FS 46: CAPSULE (OF THE WORLDS)

2 Oct

PROG: 93 – PANDORA’S BOX

Script: Mike Cruden

Art: Mike White

Letters: Steve Potter

Plot: In 1984, the Prime Minister of the UK celebrates the unveiling of his own Statue with cementing in place a time capsule containing important artifacts of 20th Century culture. Centuries later mankind has passed through a series of wars to emerge in a new ‘Golden Age’ were war is a thing of the past and disease is eradicated. Two archaeologists find the 1984 Capsule and take the unopened box to the ‘Science Centre’ for further investigation. At the Centre this relic from ‘the Dark Ages‘ is immediately deemed to be dangerous and unsuitable for opening.

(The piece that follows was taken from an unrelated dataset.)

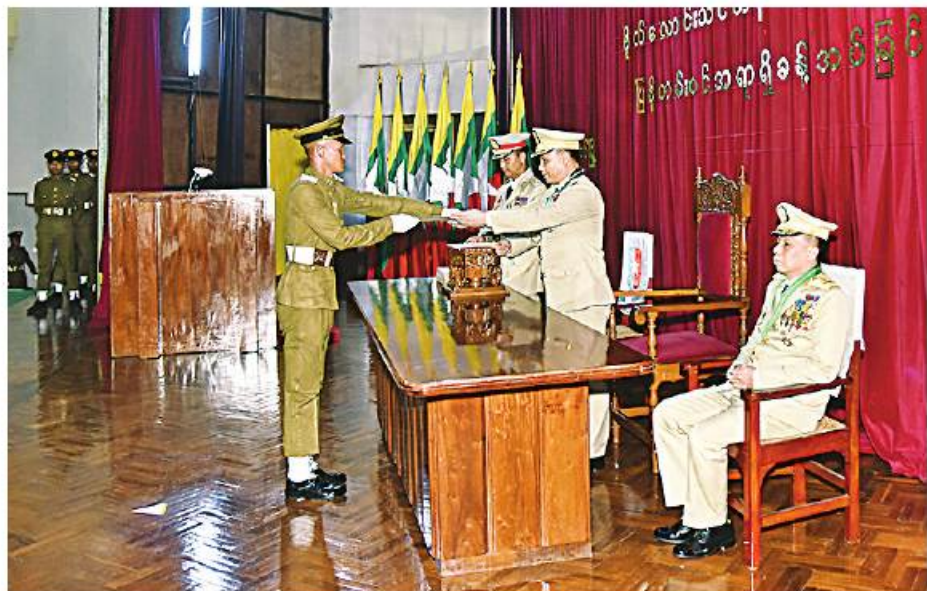
ကာကွယ်ရေးဦးစီးချုပ်(ကြည်း)မှ စစ်ရာထူးခန့်အပ်ဒုတိယဗိုလ်ချုပ်ကြီးလင်းအောင်ကျောင်းဆင်းဗိုလ်လောင်းတစ်ဦးချင်းစီအား ပြန်တမ်းဝင်အရာရှိများအား ဖြောင့်ပြောပြီး အခမ်းအနားကိုရုပ်သိမ်းလိုက်သည်။

နေပြည်တော် ၈ ဇူလိုင် တပ်မတော်(ကြည်း) ဗိုလ်သင်တန်းကျောင်း(ပထူး) ဗိုလ်လောင်းသင်တန်းအမှတ်စဉ်(၁၂၆) သူရတပ်ခွဲ ပြန်တမ်းဝင်အရာရှိခန့်အပ်ခြင်း အခမ်းအနားကို

Shock: One of the Archaeologists rebels, she condemns the attitude of refusing to open the box as ‘being frightened of the unknown‘. In secret she opens the box and she and her colleagues marvel at the culture contained within, claiming that ‘There is nothing dangerous about these things‘. However within minutes the time-sealed bacteria has ravaged their bodies and killed them.

Thoughts: Mike Cruden repeats the ‘gruesome’ final panel trick of FS 43 hinting that the astounding rotting corpse by Belardinelli had been a big hit with the readers. Mike White, best known as the artist of Alan Moore’s Abelard Snazz, turns in a nicely horrific pair of decayed bodies in a final panel which is much the best element of the tale. His first work for 2000AD is marred only  by poor layout on the first page that necessitates horrible direction arrows to guide the reader’s eye. Otherwise the strip is well drawn if in a slightly dated orthodox ‘boys comic’ style. Cruden’s strip falls into his series of ‘adults suffering horrific fates’ and while the War Of The World lesson may be clichéd to an adult it probably was pretty eye-opening to a young reader. The strip uses two and a half pages to cram in a lot of elements, from the counter-factual British Prime Minister to the final opening of the capsule and death. Chosing to introduce the main characters on page two is a brave move, leaving page one to be packed full of the alternate history detail but suffering perhaps from a lack of time to establish any character in the various protagonists. Indeed it is only in the fourth panel of the second page that we learn our main protagonist is not only an archaeologist but a very young very pretty Professor. Up until that point the two scientists doing field work resemble more a curious courting couple in a forest, not least because one is seen strumming a Lyre. Maybe it is some sort of high-tech future archaeological kit that just happens to look like a Lyre. Given this lack of characters to invest in, the strip simply turns on the success of the idea and in the context of 1978’s 2000AD it may not be original but it is effectively deployed by the image of the  rotting corpses.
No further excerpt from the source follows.